Farm Culture

View from Number 2 Farm
Our farm is our retreat, a return to a simpler life in a place time touches only to mark the passage of seasons. Sitting atop the beautiful Blue Mountain ridge in eastern Pennsylvania, Pine Hill Llama Farm preserves and protects the natural beauty of the landscape. Spring-fed ponds and Lizard Creek traverse our 185 acres. If you sit quietly on a porch rocking chair, you can hear birds sing, tree and bull frogs croak, see hawks glide on air currents, smell fresh clean country air, and touch a slight bit of heaven on earth.

6-28-10 Maria and SP Arrive ~ First Day in Lower Pasture
Every day our llamas have a panoramic vista of the great blue wall, as well as the Mahoning Valley and endless mountains beyond. Our working farm is home to 6 3/4 llamas, with an Eskalero cria due in early September, 3 rescued cats, and a Black Labrador retriever. Each animal brings a special intelligence, curiosity, and loving kindness to our farm family. Our llamas balance our daily life, offering unqualified love, bringing contentment, harmony and peace with their gentle natures.


Find more photos like this on Lama Journal Alpaca Llama Social Network

My husband Mickey is the architect of the farm. Whatever works was his brainchild. Fencing design, site choices for barns, road building, excavating, rebuilding the land, and two orchards definitely display his creative imprint. Reconstructing a 165 year-old farmhouse from the inside out, preserving its history and heritage was a challenge met with predictable success. An incredibly practical man, he makes like on the farm a dream come true, replete with all the magic of childhood wishings on a star. At 84, my husband runs his business full time, and longs to return to our city home.

Removing a felled tree, victim of T-Storm
To maintain even a small farm like ours requires constant care, and I have the best crew. Michael, an IT at IU 21 nee middle school technology teacher, oversees almost everything on the farm, working side by side with his crew. His innovations benefit the fabric of farm life. From finding better ways to help our girls weather the weather to implementing landscape design, Michael's retooling makes it happen. Seamlessly.

View from "Michael's Road"
Our farmer grows orchard grass, corn, soybeans, winter wheat, barley and oats. Slowly, we are converting to age-old methods of organic farming, a pasture at a time.

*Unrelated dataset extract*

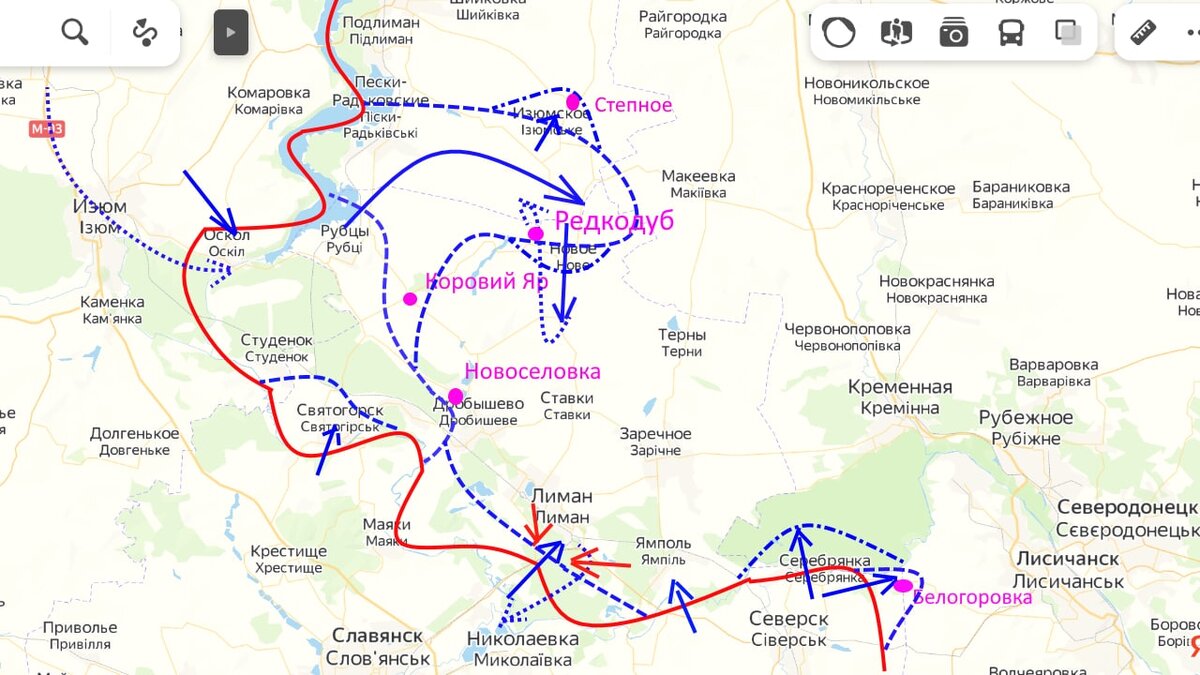 Обстановка около Красного Лимана продолжает обостряться. Вчера вечером ВСУ навели в районе н.п. Серебрянка несколько понтонных переправ через Северский Донец и начали закрепляться на плацдарме на северном его берегу. Цель очевидна, растянуть наши силы, как можно сильнее и добиться того, что их просто не хватит для прикрытия всех направлений, чтобы таким образом окончить бои за Лиман в свою пользу. Одновременно с этим идут атаки из «кишки» севернее города. По тем данным, что есть у меня утром противник силами разведргуппы занял н.п. Степное и пытается укрепиться в н.п. Новое, чтобы далее, опираясь на эти позиции нанести совместный удар с серебрянской группировкой и тем самым окружить Лиман, либо заставить, героически отбивающий все его атаки гарнизон города отступить на территорию ЛНР в районе Кременной. То есть кульминация боев здесь пока не наступила, опасность для Лимана не снята, а наоборот усиливается.

Our upper and lower stamp orchards were sprayed only three times this year, an improvement over past years. And slowly, in a land unaccustomed since the 1860s to directives from a woman, I am making inroads in what impacts the land.

A local farmer and Albert
Albert is our neighbor, friend, eyes in the woods, my man Friday. When I drive the golf cart into a holding pond at 11 PM, Albert rescues us. When a snake surprises me slithering down the garage beams, I call Albert. When our herd of 4 escaped, Albert organized an old-fashioned round up and brought the girls home, a mile and 2 hours later. He helped me tame an overgrown jungle when we were much younger; now he fixes our equipment, tends the llamas when we travel, and does whatever needs doing. We could not run the farm without him.

Tess, Me, Rev, Carol and Doug Reigh
I am the caregiver on the farm, the keeper of many promises. I face first light every day with a very special llama, pray Hail Marys with them during storms and shearings, shovel paths to the pastures in a snowstorm, camp out overnight with them in autumn, and hold conversations with Maria, the talking llama, because she keeps my secrets. I am the record-keeper, the committee worker, the blogger, the techie, moving slowly but surely into the next phase of my life, working with llamas, life after high school.

Despite my digital footprint, we are otherwise private people. Pine Hill Llamas is our private place, and while we do llama walks with friends, it is by invitation only.